**Task objective:**
Every line of the material is to be transcribed verbatim, with images omitted.

── Given data ──

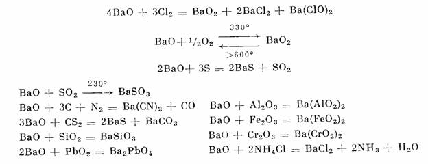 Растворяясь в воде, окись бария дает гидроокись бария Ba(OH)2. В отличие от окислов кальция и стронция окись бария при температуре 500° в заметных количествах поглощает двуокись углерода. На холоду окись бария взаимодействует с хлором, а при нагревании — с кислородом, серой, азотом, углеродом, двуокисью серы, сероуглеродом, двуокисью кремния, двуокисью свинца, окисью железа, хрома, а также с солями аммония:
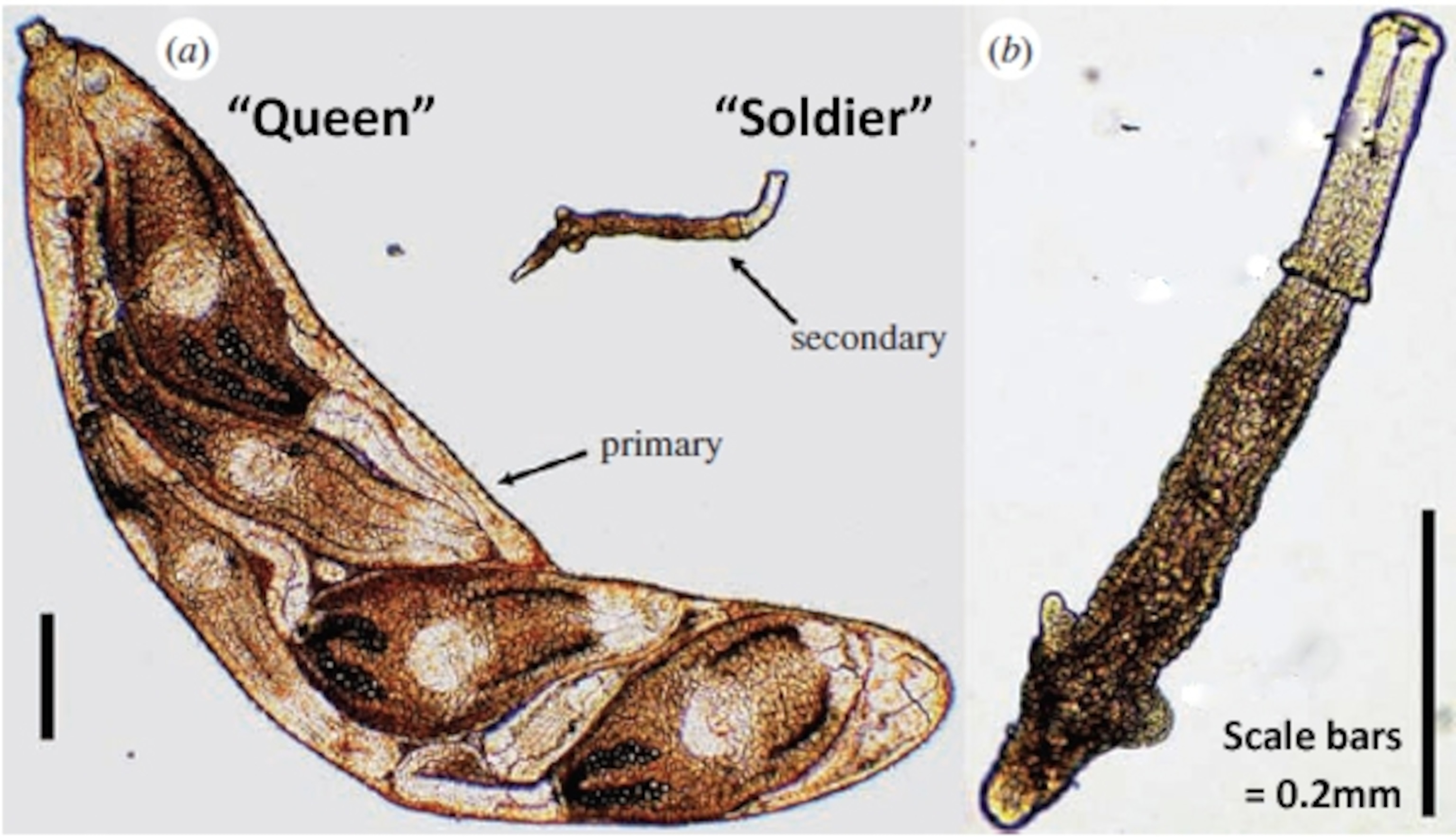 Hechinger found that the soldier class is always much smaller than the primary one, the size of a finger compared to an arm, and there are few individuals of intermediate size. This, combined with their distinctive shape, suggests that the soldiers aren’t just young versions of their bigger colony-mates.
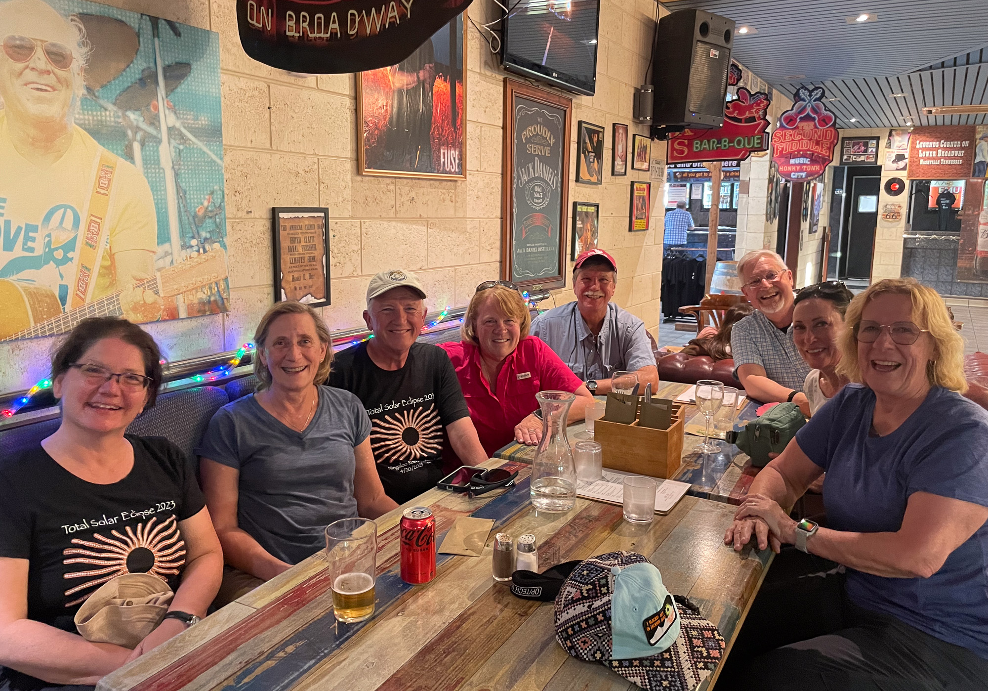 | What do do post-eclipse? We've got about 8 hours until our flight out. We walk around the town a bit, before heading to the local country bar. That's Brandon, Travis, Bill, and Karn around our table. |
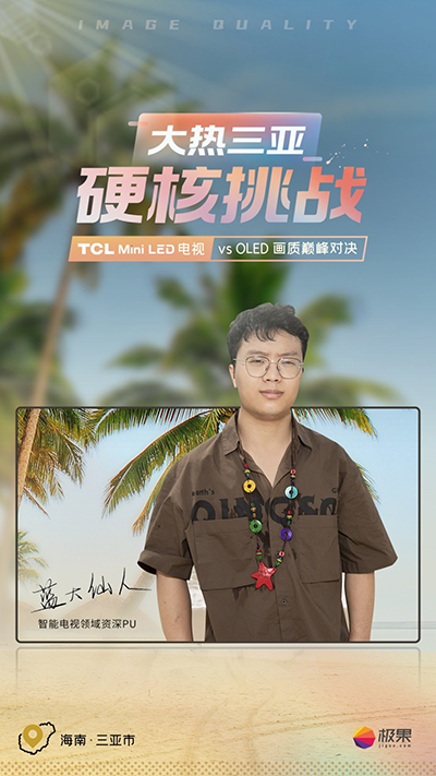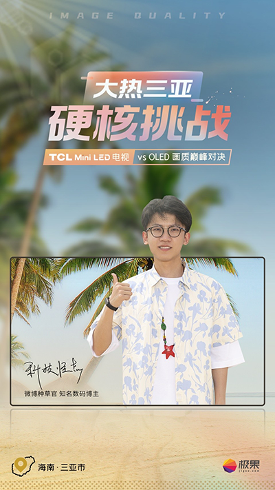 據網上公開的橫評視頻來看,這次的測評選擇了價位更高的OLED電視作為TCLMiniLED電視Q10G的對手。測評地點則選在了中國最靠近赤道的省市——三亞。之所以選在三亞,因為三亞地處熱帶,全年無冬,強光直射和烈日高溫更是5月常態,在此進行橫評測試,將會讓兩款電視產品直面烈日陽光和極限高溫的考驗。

───

**Your solution:**
 Растворяясь в воде, окись бария дает гидроокись бария Ba(OH)2. В отличие от окислов кальция и стронция окись бария при температуре 500° в заметных количествах поглощает двуокись углерода. На холоду окись бария взаимодействует с хлором, а при нагревании — с кислородом, серой, азотом, углеродом, двуокисью серы, сероуглеродом, двуокисью кремния, двуокисью свинца, окисью железа, хрома, а также с солями аммония:
 Hechinger found that the soldier class is always much smaller than the primary one, the size of a finger compared to an arm, and there are few individuals of intermediate size. This, combined with their distinctive shape, suggests that the soldiers aren’t just young versions of their bigger colony-mates.
 | What do do post-eclipse? We've got about 8 hours until our flight out. We walk around the town a bit, before heading to the local country bar. That's Brandon, Travis, Bill, and Karn around our table. |
 據網上公開的橫評視頻來看,這次的測評選擇了價位更高的OLED電視作為TCLMiniLED電視Q10G的對手。測評地點則選在了中國最靠近赤道的省市——三亞。之所以選在三亞,因為三亞地處熱帶,全年無冬,強光直射和烈日高溫更是5月常態,在此進行橫評測試,將會讓兩款電視產品直面烈日陽光和極限高溫的考驗。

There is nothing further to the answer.